Cumhurbaşkanı Yardımcısı Fuat Oktay, dün gece gazetecilere verdiği demeçte, son 24 saatte 67 kişinin enkazdan canlı olarak çıkarıldığı Türkiye'de kurtarma çalışmalarının devam ettiğini söyledi. Yaklaşık 80.000 kişinin hastanelerde tedavi edildiğini, 1.05 milyon kişinin deprem nedeniyle geçici barınaklarda evsiz kaldığını söyledi.

Türkiye Afet ve Acil Durum Yönetimi Başkanlığı Cumartesi günü yaptığı açıklamada, deprem bölgesinde hayatta kalan yaklaşık 93.000 kişinin tahliye edildiğini söyledi.

Türk yetkililer aileleri tahliye etmeye teşvik ederken, birçoğu engellendi. Melek Göçlü, Göçlü ailesinin insanları tahliye etmek için bir otobüs olduğunu duyduklarını ancak otobüse binmek için geldiklerinde iptal edildiğini söyledi. Kocası uçak bileti almıştı ama onlar da iptal edilmişti.

"Sadece gitmek istiyoruz," dedi, "ama bir yol bulamıyoruz."
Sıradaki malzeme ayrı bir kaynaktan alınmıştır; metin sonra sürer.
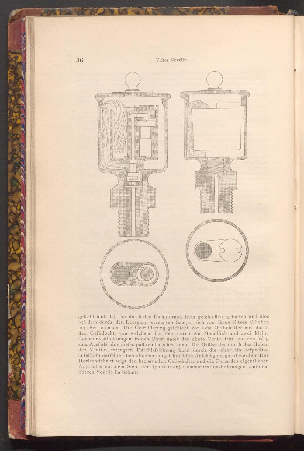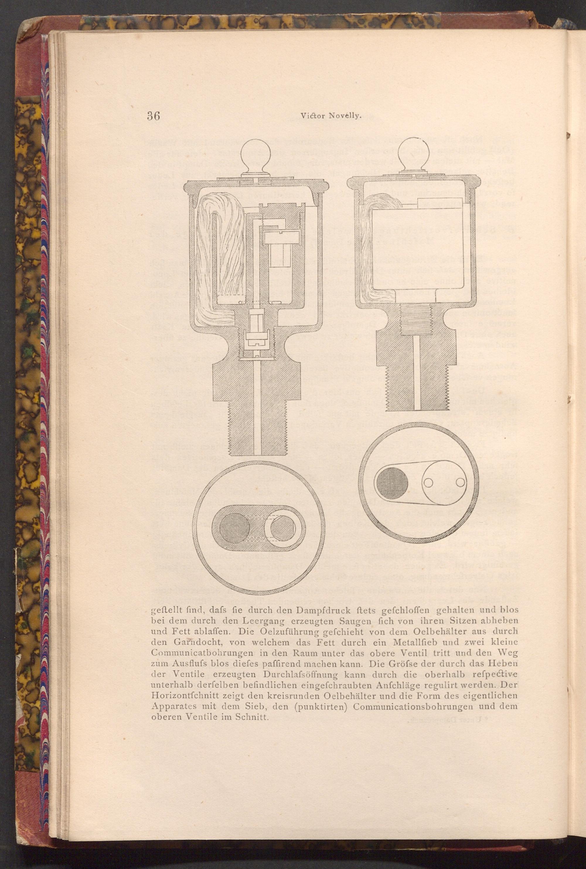 geftellt find, dafs fie durch den Dampfdruck ftets gefchloffen gehalten und blos bei dem durch den Leergang erzeugten Saugen fich von ihren Sitzen abheben und Fett ablaffen. Die Oelzuführung gefchieht von dem Oelbehälter aus durch den Garndocht, von welchem das Fett durch ein Metallfieb und zwei kleine Communicatbohrungen in den Raum unter das obere Ventil tritt und den Weg zum Ausflufs blos diefes paffirend machen kann. Die Gröfse der durch das Heben der Ventile erzeugten Durchlafsöffnung kann durch die oberhalb reſpective unterhalb derfelben befindlichen eingefchraubten Anfchläge regulirt werden. Der Horizontfchnitt zeigt den kreisrunden Oelbehälter und die Form des eigentlichen Apparates mit dem Sieb, den( punktirten) Communicationsbohrungen und dem oberen Ventile im Schnitt.

Adıyaman, Türkiye'den Ben Hubbard ve Şafak Timur; Beyrut, Lübnan'dan Hwaida Saad; Antakya, Türkiye'den Raja Abdulrahim; İstanbul'dan Gülsin Harman; ve Brüksel'den Steven Erlanger. Farah Mohamed, Londra'dan raporlamaya katkıda bulundu.

Kaynak: New York Times

Katılın Görüşlerinizi Paylaşın

Şu anda misafir olarak gönderiyorsunuz. Hesabınız varsa, hesabınızla gönderi paylaşmak için ŞİMDİ OTURUM AÇIN.
Eğer üye değilseniz hemen KAYIT OLUN.
Not: İletiniz gönderilmeden önce bir Moderatör kontrolünden geçirilecektir.

Misafir
Maalesef göndermek istediğiniz içerik izin vermediğimiz terimler içeriyor. Aşağıda belirginleştirdiğimiz terimleri lütfen tekrar düzenleyerek gönderiniz.
Bu başlığa cevap yaz

Önemli Bilgiler

Bu siteyi kullanmaya başladığınız anda kuralları kabul ediyorsunuz Kullanım Koşulu.